References & Recipes

The library can extract generic references from common configuration files so consumers can validate what will execute or be accessed. This is domain‑agnostic and useful for many scenarios (build pipelines, endpoint hygiene, or pre‑upload checks).

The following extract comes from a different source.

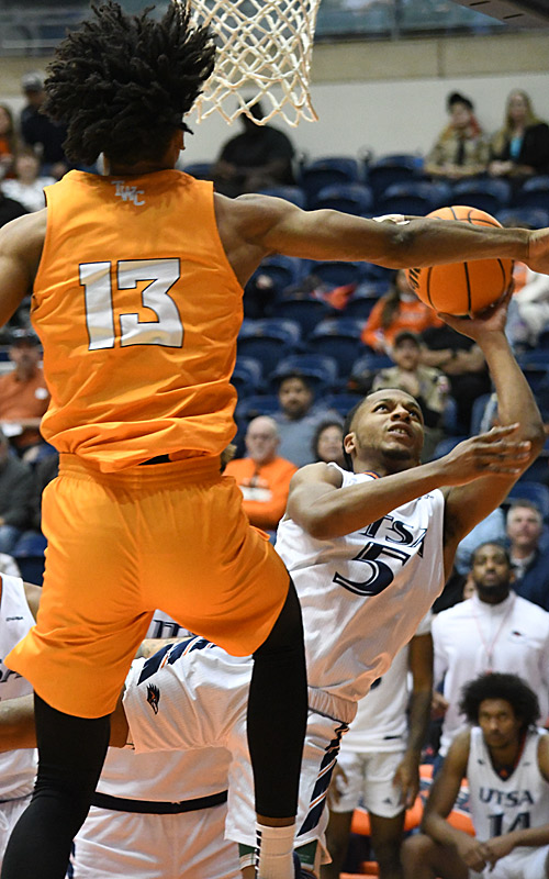 UTSA-BKC-UTEP-20230211-DJ-Richards-5063 Published February 11, 2023 at 500 × 800 in UTSA-BKC-UTEP-20230211-DJ-Richards-5063 DJ Richards. UTSA men’s basketball lost to UTEP 77-66 on Saturday, Feb. 11, 2023, at the Convocation Center. – Photo by Joe Alexander DJ Richards. UTSA men’s basketball lost to UTEP 77-66 on Saturday, Feb. 11, 2023, at the Convocation Center. – Photo by Joe Alexander

  • Extracted kinds: FilePath, Url, Command, EnvVar, RegistryPath, Clsid.
  • Current extractors:
    • Windows Task Scheduler Task XML: captures <Exec><Command>, <Arguments>, <WorkingDirectory> and <ClassId> (COM handler). Flags unquoted paths, UNC usage, relative paths.
    • GPO scripts INI (scripts.ini / psscripts.ini): captures nCmd and nParameters values, extracts paths and URLs.

PowerShell

# List references from a Task XML
Get-FileInsight -Path .\Task.xml -View References | Format-Table -Auto

# List references in a GPO scripts.ini
Get-FileInsight -Path .\scripts.ini -View References | Format-Table -Auto

C#

var a = FileInspector.Analyze(path);
foreach (var r in a.References ?? Array.Empty<Reference>())
{
    Console.WriteLine($"{r.Kind} {r.Value} exists={r.Exists} issues={r.Issues}");
}

C# (Assessment)

var full = FileInspector.Analyze(path);
var assess = FileInspector.Assess(full);
Console.WriteLine($"Score={assess.Score} Decision={assess.Decision} Codes={string.Join(" ", assess.Codes)}");

// Factors show score contributions per code (explainability)
foreach (var kv in assess.Factors)
{
    Console.WriteLine($"{kv.Key} => {kv.Value}");
}

PowerShell (Assessment)

Get-FileInsight -Path .\file.bin -View Assessment | Format-Table -Auto

This stays generic by design. A higher‑level component (e.g., TierBridge) can layer policy (allow/warn/block) using these references and the existing Flags/SecurityFindings.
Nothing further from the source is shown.